La pobreza no debe inspirar compasión, solamente, sino encender el reto de superar la desigualdad colectiva y hacer del progreso una visión sensata y justa del porvenir que ha de construirse, pleno de esperanza.
Lo sentí al leer “Mi casa en el Mundo”, una fascinante obra de Amartya Sen (Nobel de Economía 1998), en la cual propone otorgar a la educación la simetría noble de los principios de dignidad y el derecho a la igualdad.
Es conmovedor su testimonio de amor por la India, por su gente, por la veneración de las tradiciones hindúes y, además, es solemne y profundo el eco de su dolor por la desmembración de Pakistán.
Amartya Sen es un defensor de la libertad, un estudioso incansable de la economía del bienestar y la elección social, del respeto y la democracia, como modelos prioritarios para nutrir de solidaridad la convivencia.

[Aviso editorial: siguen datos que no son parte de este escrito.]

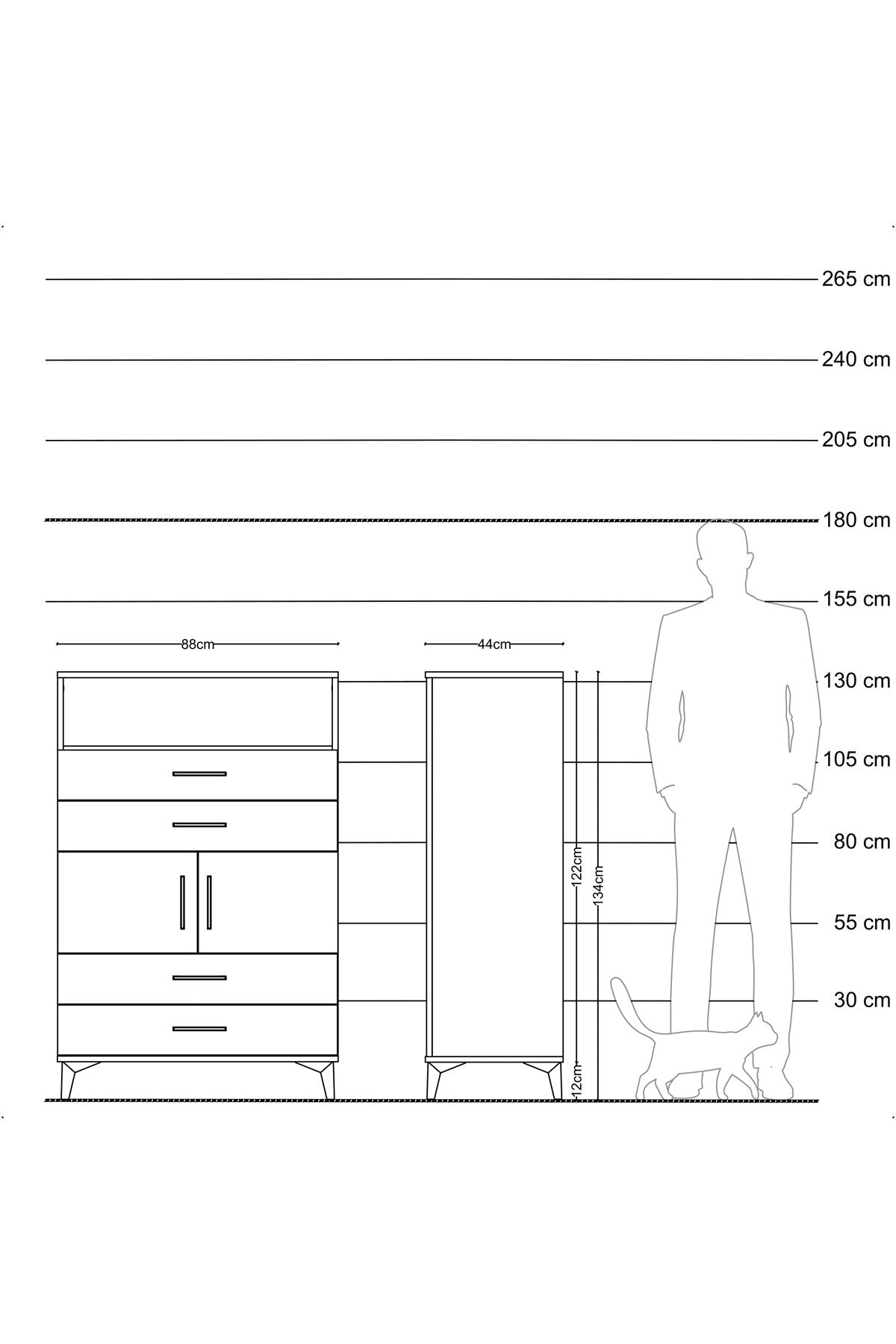 Hyperion Dolap 2 Raflı 4 Çekmeceli 2 Kapaklı 88x44x134 Aytaşı-Antrasit
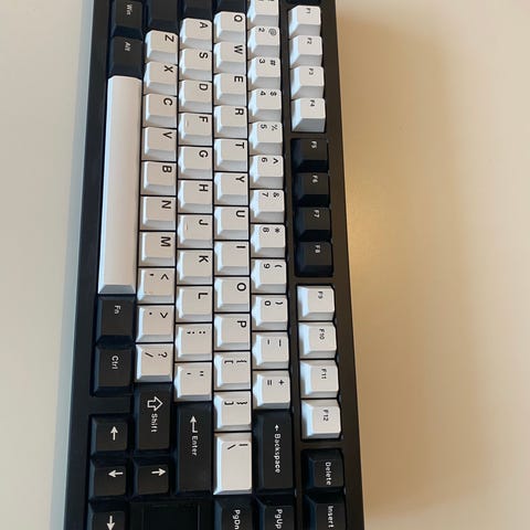 75% layout. Aluminium frame. Switcharna/brytarna är Gateron röd speed. Ett mycket fint helt vitt tangetbord som väger en del och känns premium.
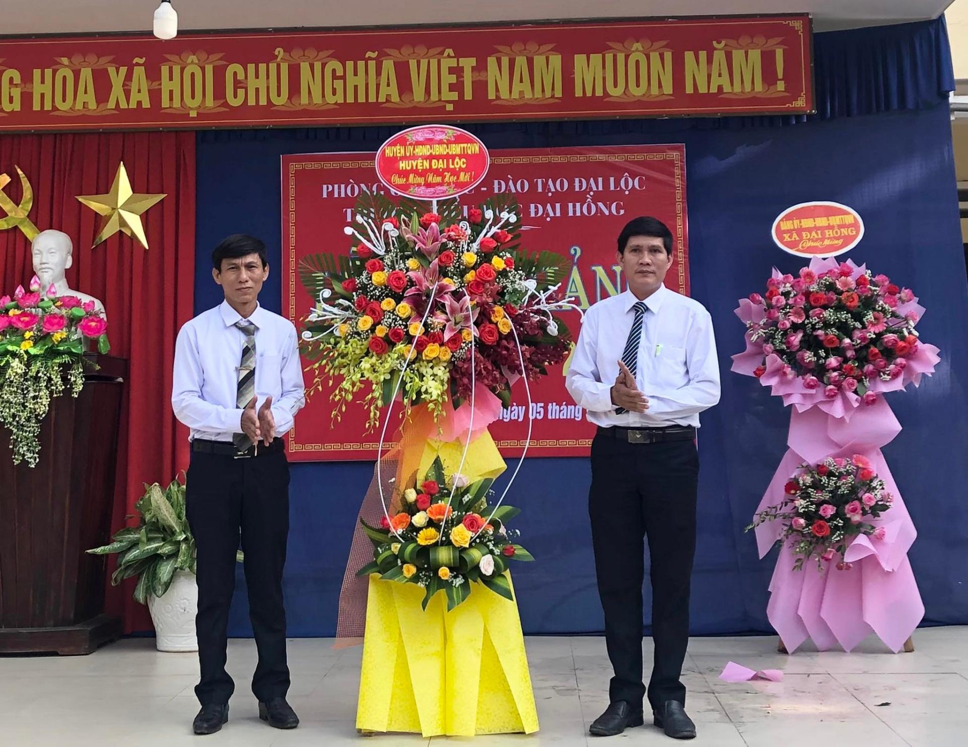 Thầy giáo Hồ Công Nhật- chuyên viên- Phòng GD&ĐT huyện Đại Lộc thay mặt các đ/c Lãnh đạo huyện ủy, UBND Huyện Đại Lộc lên tặng hoa chúc mừng
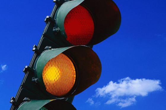 Meghibásodott alkatrész miatt sárgán villognak a jelzőlámpák Pécsett az Aidinger János út és a Sztárai Mihály út találkozásánál.
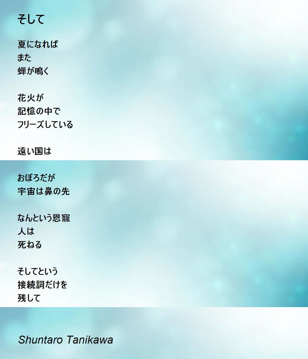 夏になれば また 蝉が鳴く 花火が 記憶の中で フリーズしている 遠い国は おぼろだが 宇宙は鼻の先 なんという恩寵 人は 死ねる そしてという 接続詞だけを 残して
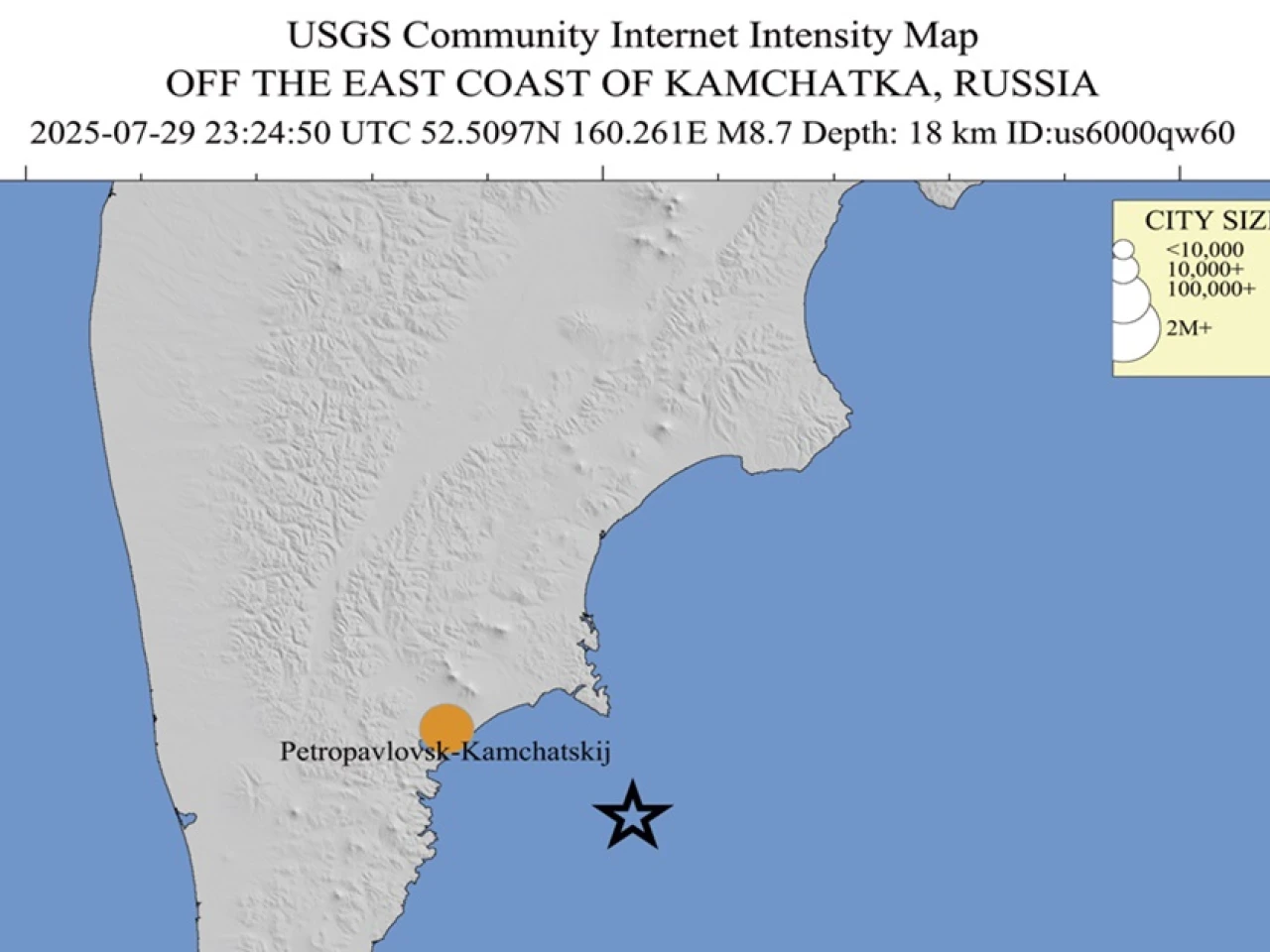 La alerta de tsunami se produce a raíz de un terremoto ocurrido a las 23:25 GMT del martes frente a las costas del sur de la península rusa de Kamchatka, al otro lado del océano Pacífico, con una magnitud inicial de 8, y que posteriormente la Agencia Meteorológica de Japón (JMA) revisó a 8,8. EFE

Encontré en él un ser maravilloso, heredero de la exquisita espiritualidad oriental, con esa certeza consolidada de religiosidad, sabiduría y filosofía, en la cual basa su vocación humanista.
Sus ideas lo condujeron a una Economía Sociológica, para alcanzar el Óptimo de Pareto, el punto de equilibrio en el que, quien pueda mejorar su situación, no perjudique -ni reduzca- las posibilidades de otro.
Es que la sociedad debe incorporar a su misión una fortaleza ética armónica, una ilusión permanente de paz, un desarrollo sostenible y un anhelo de evolución en la fraternidad, para rasgar el velo de la sensibilidad.